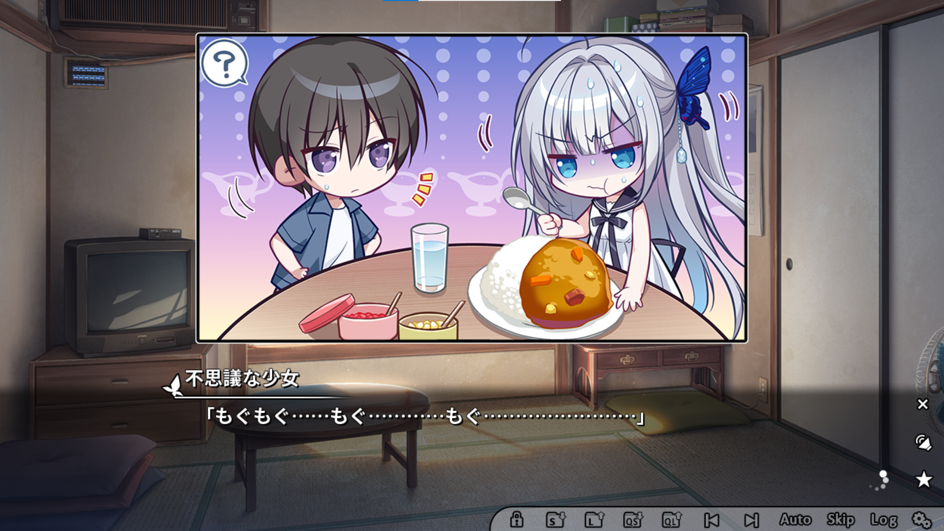 さらに、美しいだけでなくコミカルなシーンでは、ちびキャラの可愛いイラストが差し込まれるのもポイントのひとつ。本作では、物語の大筋がミステリーに寄っているため基本はシリアスな展開が続くのだが、キャラ同士の掛け合いがある日常パートではボケやツッコミが飛び交うシーンも多い。
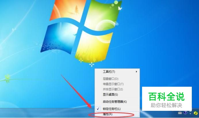 属性 右击【任务栏】,在弹出的菜单中,选择【属性】选项,如下图所示:
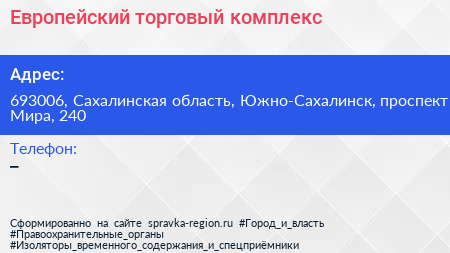 Европейский, торговый комплекс по адресу 693006, Сахалинская область, Южно-Сахалинск, проспект Мира, 240 в дальнейшем Организация, размещена в следующих категориях:
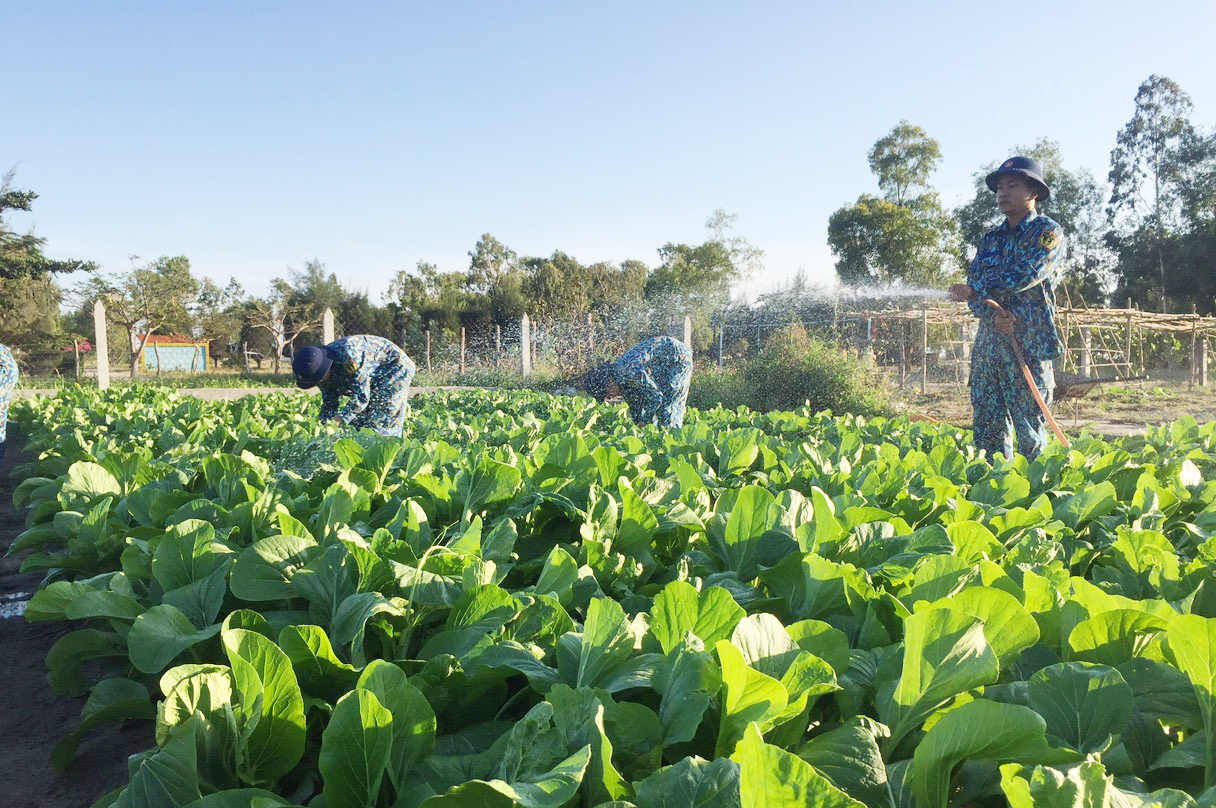 Để chuẩn bị nguồn thực phẩm an toàn, chất lượng phục vụ bộ đội trong dịp Tết Nguyên đán Tân Sửu 2021 và tiếp nhận chiến sĩ mới, Cục Hậu cần Hải quân đã chỉ đạo ngành quân nhu các đơn vị chủ động TGSX. Trung tá Cao Đức Thọ, Trưởng ban Quân nhu Vùng 1 cho biết: Hiện nay, chúng tôi đã bắt đầu trồng bắp cải, su hào, súp lơ, bầu, su su và một số rau vụ Đông cho năng suất cao. Để chống rét cho cây trồng, đơn vị phải phủ rơm rạ giữ ấm gốc rau, đồng thời hạn chế bón phân đạm, tăng cường bón các loại phân xanh, phân chuồng hoai mục, phân hữu cơ, phân vi sinh.
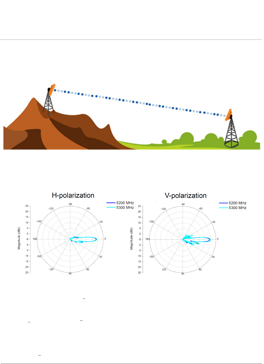 The radiation patterns for a device with Dual polarized antenna in Elevation planes are shown below in Figure 1-3. As per
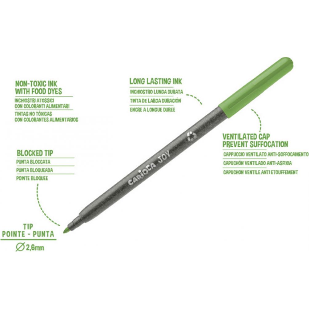 Πλενόμενοι μαρκαδόροι με λεπτή μύτη 2,8mm για γραφή ακριβείας. Σε οικολογική συσκευασία με 12 χρώματα. Κάθε μαρκαδόρος είναι κατασκευασμένος από 74% ανακυκλωμένο πλαστικό. Το κουτί είναι επίσης κατασκευασμένο από ανακυκλωμένο χαρτί.

+++

▸ EXERCISE: Quote only what lies between the first line of the records and the line containing "Европейский, торговый комплекс", please, including both lines and excluding images.

▸ SOLUTION:
 さらに、美しいだけでなくコミカルなシーンでは、ちびキャラの可愛いイラストが差し込まれるのもポイントのひとつ。本作では、物語の大筋がミステリーに寄っているため基本はシリアスな展開が続くのだが、キャラ同士の掛け合いがある日常パートではボケやツッコミが飛び交うシーンも多い。
 属性 右击【任务栏】,在弹出的菜单中,选择【属性】选项,如下图所示:
 Европейский, торговый комплекс по адресу 693006, Сахалинская область, Южно-Сахалинск, проспект Мира, 240 в дальнейшем Организация, размещена в следующих категориях:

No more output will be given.